Just wanted to throw a heads up to Kevin for sending me extra thumb screws for my T-NO at no cost. I love my T-NO and you should grab one too!


----------



## wannabguitarist (Nov 7, 2009)

He's sent me wrenches and other little things before, awesome customer service and product


----------



## Samer (Nov 7, 2009)

Yea i agree, very nice person!


----------



## Harry (Nov 9, 2009)

Good to hear man, that's awesome!


----------



## guitarplayerone (Dec 19, 2009)

kevin is the freaking man. i'm not sure if anyone is aware that he created a modification for the double edge circuit as well.


----------



## technomancer (Dec 19, 2009)

Kevan is indeed a great guy.
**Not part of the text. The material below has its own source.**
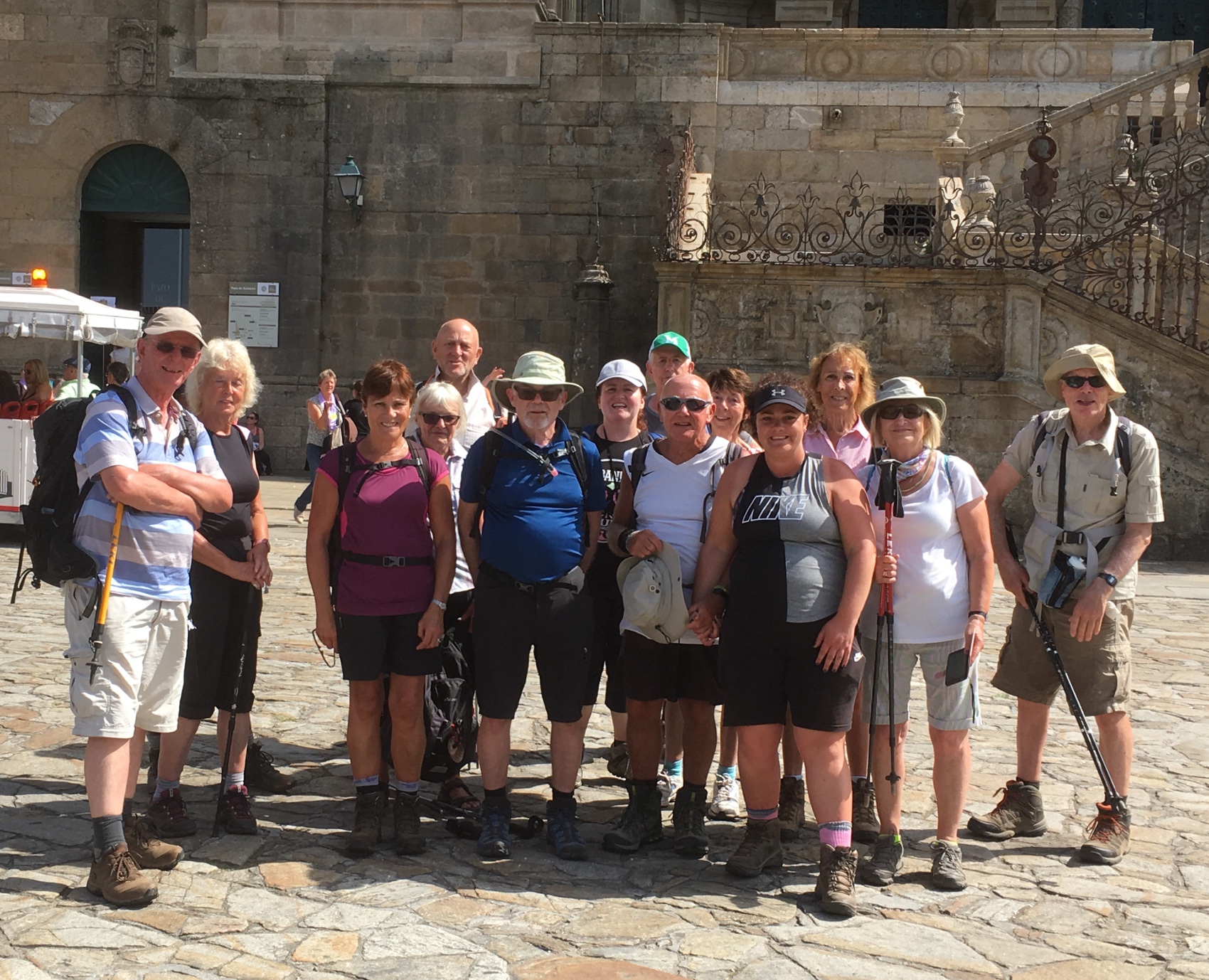 1. In 2013…led a group of not-so-able pilgrims for 17 days from Sarria to Santiago. We averaged 5km per day and spent at least 2 or 3 nights in the same place. One woman was planning on walking the Camino in 2012 but had to cancel when she was diagnosed with a large tumour on the brain. She had it removed, underwent radiation treatment and was allowed to join our group a year later, still a bit wobbly at times! One man was doing his10th Camino at age 89 after having a triple bypass. A mother and daughter (72 and 50) had a familial foot problem which made them feel as though they were walkingb on glass. A 74 year-old Irish lady had post-polio problems and needed to use a cross-country walker. When we arrived in Santiago, John Walker arranged for their Compostelas to be given downstairs from the pilgrim office and for us to have special seats in the cordoned off area of the Cathedral in front of the altar. We were all quite choked up when the priest announced the arrival of the ‘Caracoles’ group that day! With a bit of planning anyone can walk a Camino.

I've unfortunately only made it out to his place once, but it was a blast.


----------



## dpm (Dec 19, 2009)

Kevan is going to get really shitty with being called Kevin all the time


----------



## Stealthdjentstic (Dec 20, 2009)

Speaking of Kevan...does anybody know what happend to him? He used to post here alot...


----------



## technomancer (Dec 20, 2009)

dpm said:


> Kevan is going to get really shitty with being called Kevin all the time



Gives him something to bitch about


----------



## Chris (Dec 23, 2009)

Kevan's a giant dickbag if you ask me.


----------



## DevinShidaker (Dec 24, 2009)

I need to get a Tremol-no really bad. None of the stores around here carry them... Odd seeing as I live in Columbus, where Kevan is from.


----------